Combined endoscopic mucosal resection and full-thickness resection for large colorectal polyps: a systematic review and meta-analysis.

Autor: Fakhoury B; St. Elizabeth's Medical Center, Boston, MA, USA., Alabdul Razzak I; St. Elizabeth's Medical Center, Boston, MA, USA., Morin R; Tufts University, Boston, MA, USA., Krishnan S; St. Elizabeth's Medical Center, Boston, MA, USA., Mahmood S; St. Elizabeth's Medical Center, Boston, MA, USA.
Jazyk: angličtina
Zdroj: Scandinavian journal of gastroenterology [Scand J Gastroenterol] 2024 Jul; Vol. 59 (7), pp. 798-807. Date of Electronic Publication: 2024 May 07.
DOI: 10.1080/00365521.2024.2349641
Abstrakt: Background and Aims: Combined endoscopic mucosal resection (EMR) with endoscopic Full thickness resection (EFTR) is an emerging technique that has been developed to target colorectal polyps larger than 2 cm. We performed a systematic review and meta-analysis to evaluate this technique for the resection of large colorectal lesions.
Methods: We conducted a comprehensive search of multiple electronic databases from inception through August 2023, to identify studies that reported on hybrid FTR. A random-effects model was employed to calculate the overall pooled technical success, macroscopic complete resection, free vertical margins resection rate, adverse events, and recurrence on follow up.
Results: A total of 8 Study arms with 244 patients (30% women) were included in the analysis. The pooled technical success rate was 97% (95% CI 88%-100%, I 2  = 79.93%). The pooled rate of macroscopic complete resection was achieved in 95% (95% CI 90%-99%, I 2  = 49.98) with a free vertical margins resection rate 88% (95% CI, 78%-96%, I 2  = 63.32). The overall adverse events rate was 2% (95% CI 0%-5%, I 2  = 11.64) and recurrence rate of 6% (95% CI 2%-12%, I 2 =20.32).

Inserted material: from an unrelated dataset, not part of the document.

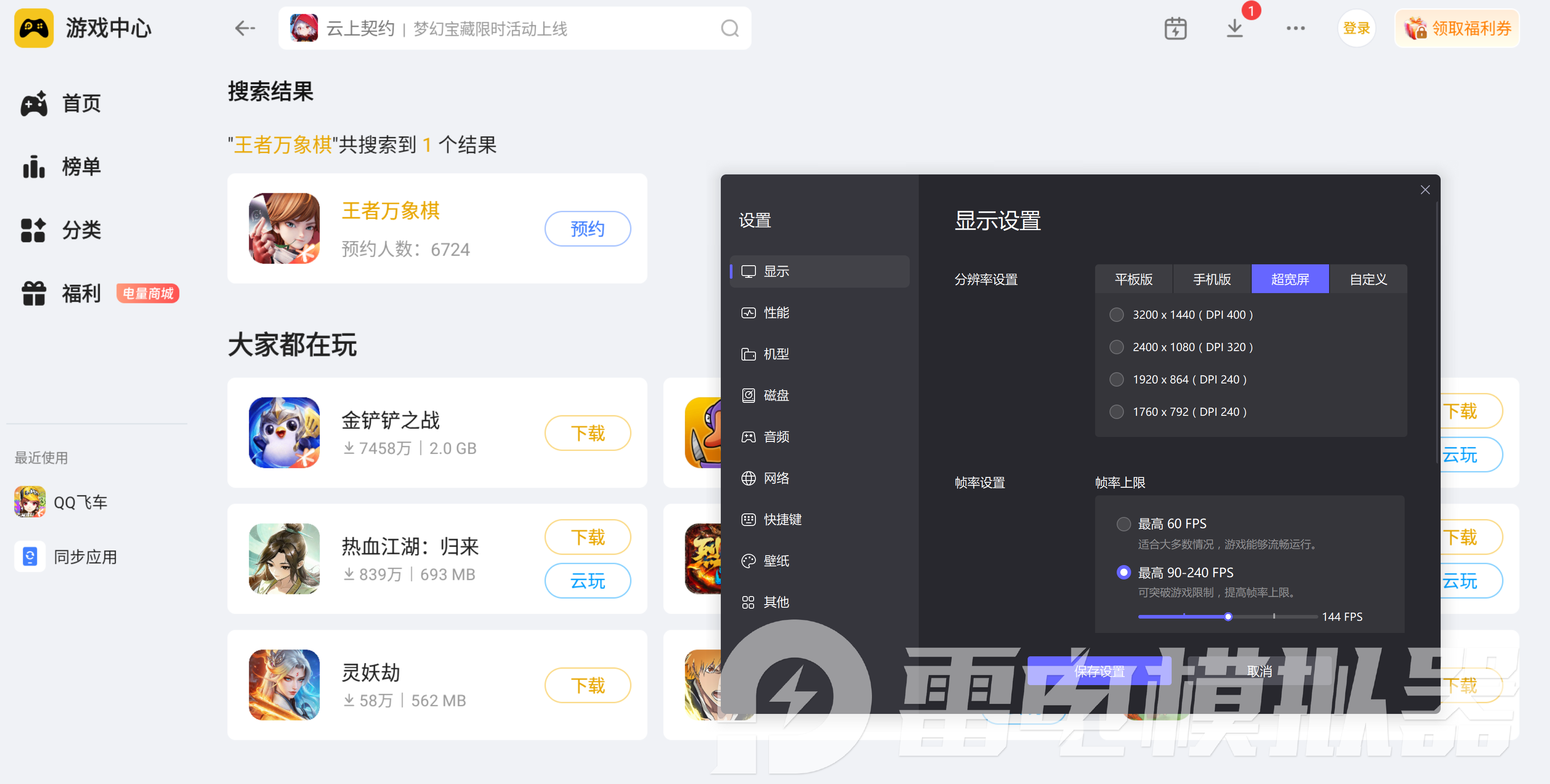 任何一个王者万象棋的玩家,都希望拥有高清大屏的体验效果。此时,雷电模拟器的超宽屏技术,大屏高分辨率,就显得尤为重要了,因为它能让我们完美的享受到更清晰、更醒目的河洛战斗画面,增强王者万象棋游戏体验感。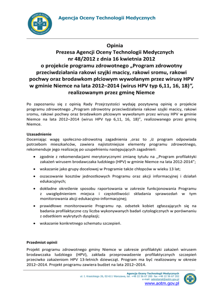 Agencja Oceny Technologii Medycznych Opinia Prezesa Agencji Oceny Technologii Medycznych nr 48/2012 z dnia 16 kwietnia 2012 o projekcie programu zdrowotnego „Program zdrowotny przeciwdziałania rakowi szyjki macicy, rakowi sromu, rakowi pochwy oraz brodawkom płciowym wywołanym przez wirusy HPV w gminie Niemce na lata 2012–2014 (wirus HPV typ 6,11, 16, 18)”, realizowanym przez gminę Niemce Po zapoznaniu się z opinią Rady Przejrzystości wydaję pozytywną opinię o projekcie programu zdrowotnego „Program zdrowotny przeciwdziałania rakowi szyjki macicy, rakowi sromu, rakowi pochwy oraz brodawkom płciowym wywołanym przez wirusy HPV w gminie Niemce na lata 2012–2014 (wirus HPV typ 6,11, 16, 18)”, realizowanego przez gminę Niemce. Uzasadnienie Doceniając wagę społeczno‐zdrowotną zagadnienia ,oraz to ,iż program odpowiada potrzebom mieszkańców, zawiera najistotniejsze elementy programu zdrowotnego, rekomenduje jego realizację po uzupełnieniu następujących zagadnień: zgodnie z rekomendacjami merytorycznymi zmianę tytułu na ,,Program profilaktyki zakażeń wirusem brodawczaka ludzkiego (HPV) w gminie Niemce na lata 2012‐2014”; wskazanie jako grupy docelowej w Programie także chłopców w wieku 13 lat; oszacowanie kosztów jednostkowych Programu oraz akcji informacyjnej i działań edukacyjnych; dokładne określenie sposobu raportowania w zakresie funkcjonowania Programu z uwzględnieniem miejsca i częstotliwości składania sprawozdań w tym monitorowania akcji edukacyjno‐informacyjnej; prawidłowe monitorowanie Programu np. odsetek kobiet zgłaszających się na badania profilaktyczne czy liczba wykonywanych badań cytologicznych w porównaniu z odsetkiem wykrytych dysplazji; wskazanie konkretnego schematu szczepień. Przedmiot opinii Projekt programu zdrowotnego gminy Niemce w zakresie profilaktyki zakażeń wirusem brodawczaka ludzkiego (HPV), zakłada przeprowadzenie profilaktycznych szczepień przeciwko zakażeniom HPV 13‐letnich dziewcząt. Program ma być realizowany w okresie 2012–2014. Projekt programu zawiera budżet na lata 2012–2014. Agencja Oceny Technologii Medycznych ul. I. Krasickiego 26, 02-611 Warszawa, tel. +48 22 56 67 200 fax +48 22 56 67 202 e-mail: [email protected] www.aotm.gov.pl Opinia Prezesa AOTM nr 48/2012 z dnia 16 kwietnia 2012 r. Problem zdrowotny Oceniany program odnosi się do konkretnego, dobrze zdefiniowanego problemu zdrowotnego. W etiologii raka szyjki macicy najważniejszą rolę odgrywa zakażenie wirusem brodawczaka ludzkiego (HPV, human papilloma virus). Obok zakażenia HPV, do czynników ryzyka zachorowania na raka szyjki macicy należą m. in. wczesne rozpoczęcie życia płciowego (przed 18 rokiem życia), duża liczba partnerów seksualnych, partnerzy „wysokiego ryzyka”, zakażenie HIV lub inne upośledzające system immunologiczny, palenie tytoniu, niski status ekonomiczny oraz liczne ciąże i porody. Około 70% przypadków raka szyjki macicy jest związanych z zakażeniem HPV typem 16 i 18. Zakażenie HPV jest najczęściej przemijające, jednak zakażenie przetrwałe typem dużego ryzyka onkogennego wiąże się ściśle z rozwojem zmian CIN, VIN, VaIN a także raka sromu, prącia i odbytu. Około 90% kłykcin narządów płciowych jest wywoływanych przez typ 6 lub 11 HPV. Liczba nowych zakażeń maleje wraz z wiekiem, ale ryzyko przejścia zakażenia w formę przetrwałą wzrasta wraz z wiekiem osoby zakażonej. Badanie cytologiczne pozwala na wykrycie zmian w obrębie szyjki macicy, zanim nabiorą one charakteru nowotworowego; rak szyjki macicy jest jednym z nielicznych nowotworów, w przypadku którego uzasadnione jest prowadzenie badań przesiewowych (skriningów), ponieważ szyjka macicy jest łatwo dostępna do badania, stany przedrakowe są dobrze opisane i łatwo wykrywalne, stany przedrakowe można wyleczyć. Alternatywne świadczenia W Polsce realizowany jest Populacyjny Program Profilaktyki Raka Szyjki Macicy, oparty o skrining cytologiczny. Populacyjny Program realizowany jest w oparciu o Ustawę z dnia 1 lipca 2005 roku o ustanowieniu programu wieloletniego "Narodowy program zwalczania chorób nowotworowych" (Dz.U.05.143.1200) oraz o Uchwałę Nr 24/2011 Rady Ministrów z dnia 1 marca 2011 r. w sprawie harmonogramu zadań wykonywanych w ramach programu wieloletniego "Narodowy program zwalczania chorób nowotworowych" w roku 2011 oraz kierunków realizacji zadań tego programu na lata 2012 i 2013. Programem profilaktyki objęte zostały Polki między 25 a 59 rokiem życia, które w ciągu 3 ostatnich lat nie miały wykonanego wymazu cytologicznego w ramach ubezpieczenia w Narodowym Funduszu Zdrowia. Wnioski z oceny przeprowadzonej przez Agencję 1) Wnioski z oceny problemu zdrowotnego Przeciwdziałanie chorobom nowotworowym, w tym nowotworom szyjki macicy, mieści się w obszarze działań celu 8. przyjętej w 1998 r. przez WHO strategii „Zdrowie dla Wszystkich w XXI Wieku”, dotyczącego redukcji chorób niezakaźnych, zgodnie z którym do roku 2020 powinna zostać maksymalnie ograniczona chorobowość, niepełnosprawność i przedwczesna umieralność z powodu ważniejszych chorób przewlekłych. Edukacja zdrowotna jest niezbędnym elementem działań profilaktycznych. Obniżenie wieku inicjacji seksualnej i liberalizacja kontaktów erotycznych stwarzają potrzebę intensyfikowania edukacji na temat higieny życia płciowego wśród młodzieży, szczególnie że jest to obszar pomijany najczęściej w edukacji rodzicielskiej. Z punktu widzenia profilaktyki raka szyjki macicy niezbędne są oddziaływania mające na celu wzrost świadomości dotyczącej czynników ryzyka i odpowiedzialności młodych ludzi za własne zdrowie i życie. Wszystkie odnalezione zalecenia kliniczne rekomendują szczepienia młodych dziewcząt przeciw HPV jako przeciwdziałanie zmianom przednowotworowym oraz nowotworom szyjki macicy (obie szczepionki), a także raka pochwy oraz sromu, jak również

Conclusion: Combined EMR with EFTR is effective and safe for resecting large, and complex colorectal adenomas, offering a good alternative for high surgical risk patients. Regional heterogeneity was observed, indicating that outcomes may be impacted by differences in operator expertise and industry training certification across regions. Comparative studies that directly compare combined EMR with EFTR against alternative methods such as ESD and surgical resection are needed.